Some people say that has lost the world rally championship, his sense of adventure.
And when you consider it was once an event that was so full of danger – oncoming local traffic, huge hidden boulders, holes in the street that swallowed a car whole, giraffe, elephant, that the only way to compete with any degree of safety was followed all the way from a helicopter, it’s hard to argue otherwise.
You will find the helicopter to get the on WRC events nowadays, both for recording and a signal of in-car tracker, but nothing on the scale seen in the East Africa Safari Rally. The event was the last part of the WRC in 2002, when the Prodrive-run Subaru World Rally Team was at the peak. Since the group B era of the 1980s, it was already Protocol in place for the top teams of each Auto-assign its own spotter helicopter, because of the event, the huge uncontrolled phases. It was “terribly expensive,” says Paul Howarth, the Subaru team of the former Manager, “but bloody exciting.”
Howarth flew in Petter Solberg spotter chopper on four events: “During the rally, there would be the pilot, myself and a very experienced paramedic in the helicopter, because if Petter had an accident, we would be the first on the scene.

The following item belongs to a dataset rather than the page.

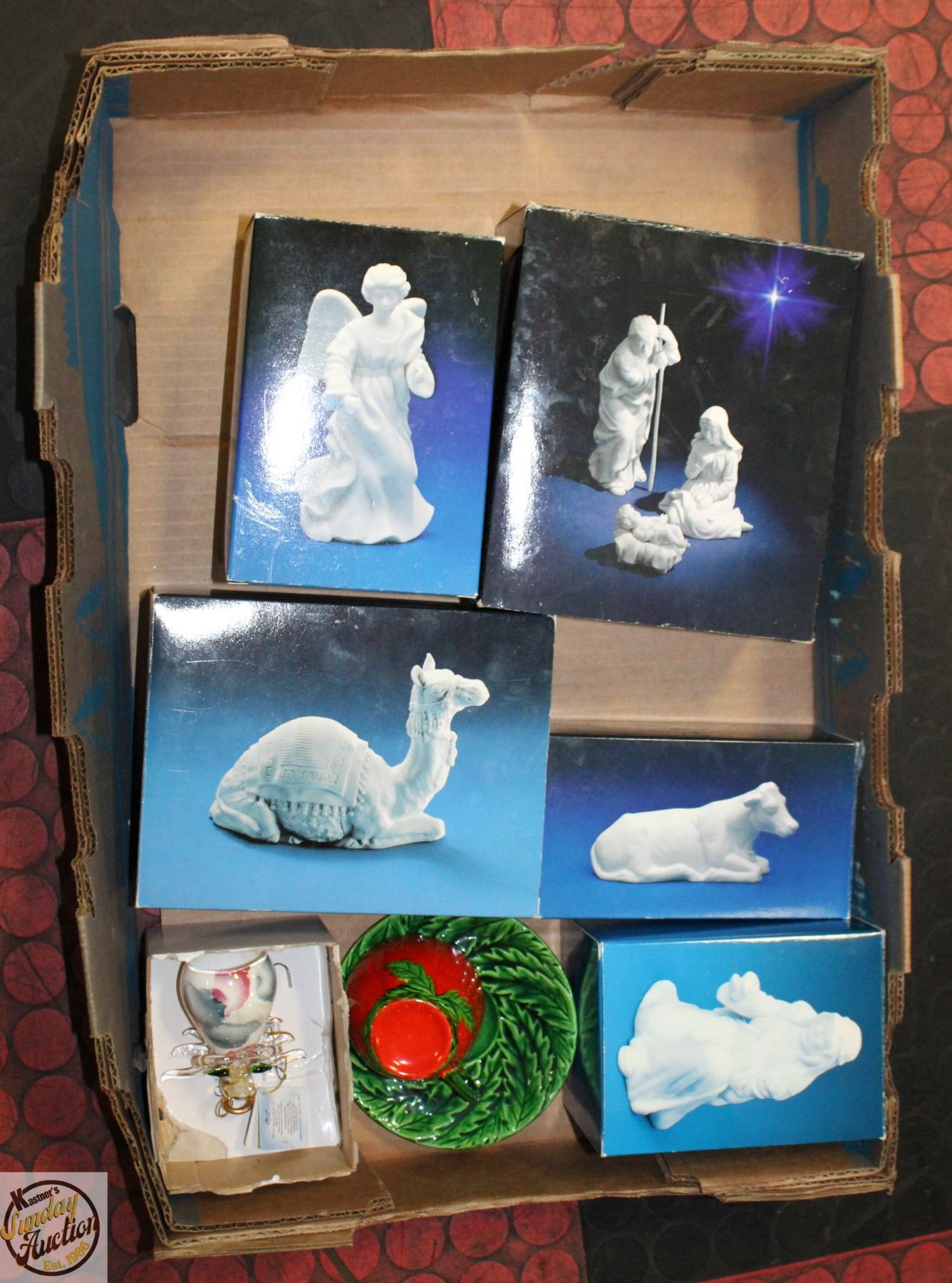 CERAMIC RED+GREEN TEA CUP, NATIVITY FIGURES+ANGELS

“The Safari was the only rally held on open roads, so it would be local traffic on the stage. We were there to warn the locals rally car came to the forwarding of instructions by the engineers to clear animals out of the way. You could make the most of the animals, scare away, but the donkey would just stare at. You could practically put the skids on you, and you don’t want to move.
“On some parts of the rally, the car would climb over the rocks at 20kph, so that you spent a lot of time in the hover. Then in the fast sections it had to be 500 meters, on the search for hazards.
“It was one of the most memorable experiences I’ve ever had. It was like you were actually in the rally. The wildlife was incredible.”
How important is the spotter helicopter, though? Nicky Grist, who won the event three times as Colin McRae’s co-Pilot, remembers two occasions, the highlighted importance. “During a particular test, we don’t have a helicopter,” he recalls. “We went on a plane and left, came around a corner, when all of a sudden, Christ, it was a giraffe. It runs with us, but through us at the same time. A hoof came up to the window on my side. Fortunately, was derailed at the last moment.
If you have a giraffe at these speeds, it’s sayonara.” A spotter in the helicopter would have scared the giraffe, before the car came through.
“On another occasion, in the year 1997, we have Grist in some of the mechanical problems”. “Everything went well and we were on the second place. We were 80 km from the end of a stage, and the alternator light came on.
We reported on the issue of the helicopter crew. She flew high to radio contact with the base, and they were forwarding instructions to us, ‘turn off fuel pump, turn on the’ try to save the battery to us at the end. Then they said: ‘Well, we need you. to turn the radio off If we want to speak to you, we plunge over the top of them.’ We have just made it to the end of the stage, where there was a service. The team changed the alternator and the battery, and Colin and I went on to win the Safari rally for the first time.”